I have the Orvis sling pack that I really like when I have a bunch of clothes on in the spring/fall or steelheading. I still havent found anything I like better in the summer than my Fishpond vest. I have the Flint Hills version which has the smallest carry capacity of the bunch, specifically so I don't follow my natural packrat tendency and overload it.
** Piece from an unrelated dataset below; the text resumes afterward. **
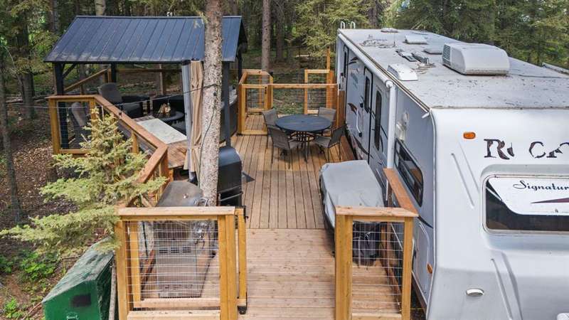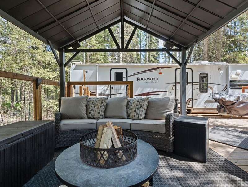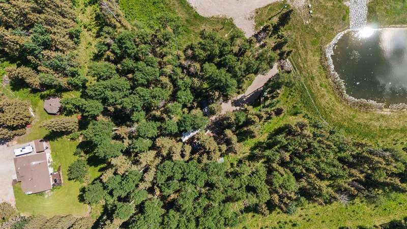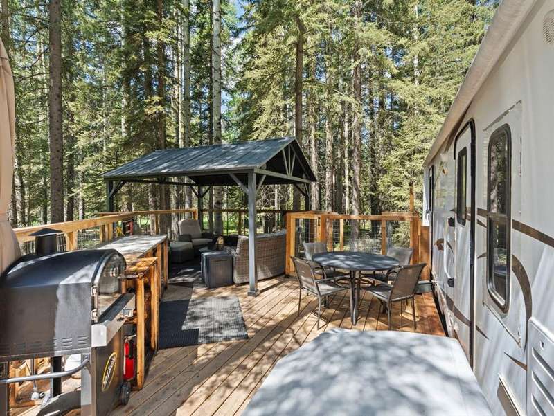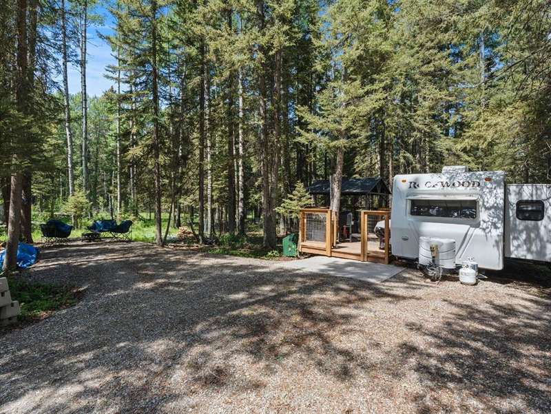 Tucked away just minutes from Sundre in a private gated community, this stunning 1-acre treed parcel offers the ultimate blend of seclusion, security, and serenity. Towering evergreens and mature aspens provide a natural canopy, giving this property a true forested feel — perfect for anyone seeking a peaceful escape or weekend retreat. The lot is serviced with 200amp power, and thoughtfully improved with a gravel driveway, outdoor entertaining deck, and custom gazebo. A beautifully built-out RV setup (RV negotiable) features an expansive wooden deck with designated seating and dining areas, BBQ space, and even a built-in firepit lounge — all nestled under the trees. There’s also a shed/watercloset for extra, and ample parking for guests. Backing onto green space and steps from a community pond, this lot is located in a well-maintained, quiet cul-de-sac — offering a secure, community-driven environment that still feels like your own slice of wilderness.
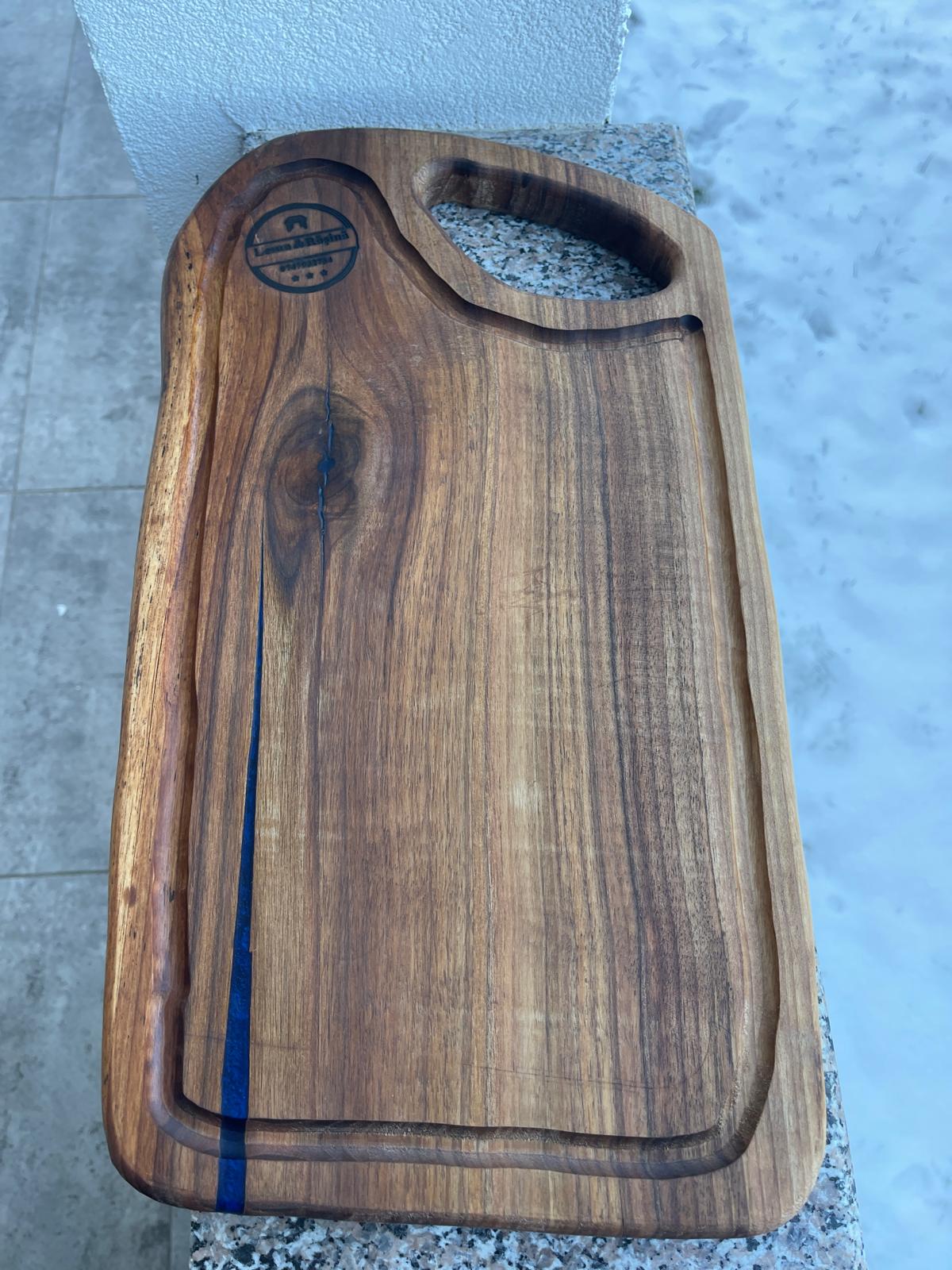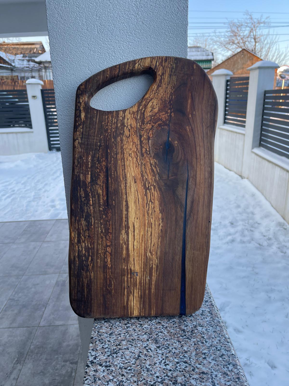 Acest tocător din lemn de nuc cu rășină epoxidică îmbină frumusețea naturală a lemnului masiv cu un design contemporan, fiind atât practic, cât și estetic. Fibra bogată a nucului oferă un aspect cald și elegant, iar rășina epoxidică completează perfect designul, transformând tocătorul într-o piesă unică.

I do like over the shoulder satchels and am thinking about trying the Fishpond Westwater one. Like that it's pretty waterproof. Just waiting to find one used or on sale


----------



## toobnoob (Jun 1, 2010)

My setup is a camel backpack and a lanyard for the hot summer months. The pack has a pocket I can reach without taking it off and I usually only have one or two fly boxes with me. When it's colder I also have my wader pocket and my wading jacket has two large pockets as well. That's enough room for 4 boxes, all my tools, tippit spools, 2 spools of mono for rebuilding leaders, splitshot, a spare reel spool and 3 liters of water.


----------



## capt j-rod (Feb 14, 2008)

i use a filson foul weather strap vest. Look it up for pics. It is a hybrid of chest packs with a backpack on it. Its built like a brick $&?!house and rides nice and high to keep it dry. The ONLY issue I ever had was in the summer it is hot on the back. I mean 80+ degrees, so only summer. Great storage and super comfy. If you are a traditional vest guy, i think they have one on sale at filson.com
Almost forgot made in USA
tight lines... j-rod


----------



## burt (Aug 22, 2010)

I just switched to a chest pack and really like it the only thing is when I am walking on some really heavy rip rap or down a incline I find myself pushing it to the side. Other than that I really like it so far.


----------



## kingofamberley (Jul 11, 2012)

I really like the idea of a sling pack. There is a Patagonia sling pack that has the flip down tray like a chest pack. A little pricy, but seems like the best of both worlds.
http://www.patagonia.com/us/product/stealth-atom-sling?p=48325-0-961&pcc=1128


----------



## imalt (Apr 17, 2008)

Those fish pond vests are pretty sweet. But they have a hefty price tag to go with them. I also like the a couple of the chest back pack combos that the chest pack can detach from. I usually only bring alot of stuff when I do on my musky adventures so when I get worn out from casting musky flies I can switch over to the 4wt and mess with sunfish. That usually gets the musky stirred up. Twice last year I had a musky crush a sunfish less than 3ft from where I was standing.


----------



## flytyer (Jan 3, 2005)

I started out with a vest, and carried everything including the kitchen sink in it.
It was just too much stuff that I didn't need and also too heavy. I then went to a chest pack. It made me limit how much I could carry and that was a lot lighter and nicer. The one problem I had with the chest pack was You couldn't see where you were placing your feet in fast moving water, thus the need to always be shoving it to the side to see where to place your feet solidly. Now I use a shoulder pack. Over the neck and shoulder and really like it. I can carry what I need in it without it weighing a ton, and at the end of a long day you're not wore out from toting around a bunch of stuff you don't use any way.


----------



## Salmonid (Apr 14, 2004)

I was just about to post on the marketplace and saw this thread, I have a brand new, w/tags, Orvis Safe passage Chest/Waist pack, pretty sweet! I used one like it for years and then I won this one a few years back. Looking to get $75 for it. If any interest, PM me and Ill send you pics otherwise it will be on the Marketplace in a day or two. Perfect for kayakers and summer wading


Salmonid


----------